In this amazing challenge, we have two huge issues:

1. On the FlashLoanReceiver::onFlashLoan(), the parameters are organized as follows:

function onFlashLoan(address, address token, uint256 amount, uint256 fee, bytes calldata)

A huge issue here is that the address of the initiator is not being used/verified.

=> Anyone can request flashloans on behalf of the contract AND making the contract pay the fees. Instead of the caller paying the fees.

Now because the fee is fixed and independent of the loan amount, an attacker can request flash loans with amount = 0 and still drain the receiver through repeated fee payments. This will happen even when the flash loan was forced and economically meaningless.

2. On the NaiveReceiverPool::_msgSender() method, the contract blindly trusts the last 20 bytes of calldata as the original sender whenever the call comes from trustedForwarder.

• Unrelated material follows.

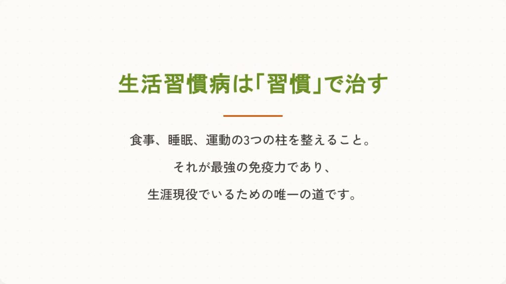 健康を本当に考える医師は、生活習慣や生活リズムの改善を促すはずです。食事習慣、睡眠習慣、運動習慣の3つが整っていれば、免疫力は高く、体はすこぶる調子が良い状態を保てるでしょう。地味に思えるかもしれませんが、これこそが健康の全てなのです。

There is no verification that the appended 20-byte address is truly the signer of the request.

function _msgSender() internal view override returns (address) {
        if (msg.sender == trustedForwarder && msg.data.length >= 20) {
            return address(bytes20(msg.data[msg.data.length - 20:]));
        } else {
            return super._msgSender();
        }
    }

This allows an attacker to impresonate accounts and perform a withdraw on their behalf because the _msgSender() function is called on the NaiveReceiverPool::withdraw() method:

function withdraw(uint256 amount, address payable receiver) external {
        // Reduce deposits
        deposits[_msgSender()] -= amount;
        totalDeposits -= amount;

        // Transfer ETH to designated receiver
        weth.transfer(receiver, amount);
    }

Exploitation

Our main goal in this challenge is to drain all WETH from the FlashLoanReceiver. We can do this by abusing the fact that the receiver blindly pays flash loan fees and that _msgSender() can be spoofed via the trusted forwarder.

Exploitation Steps

The FlashLoanReceiver starts with 10 WETH. The pool charges a fixed fee of 1 WETH per flash loan, regardless of the loan amount.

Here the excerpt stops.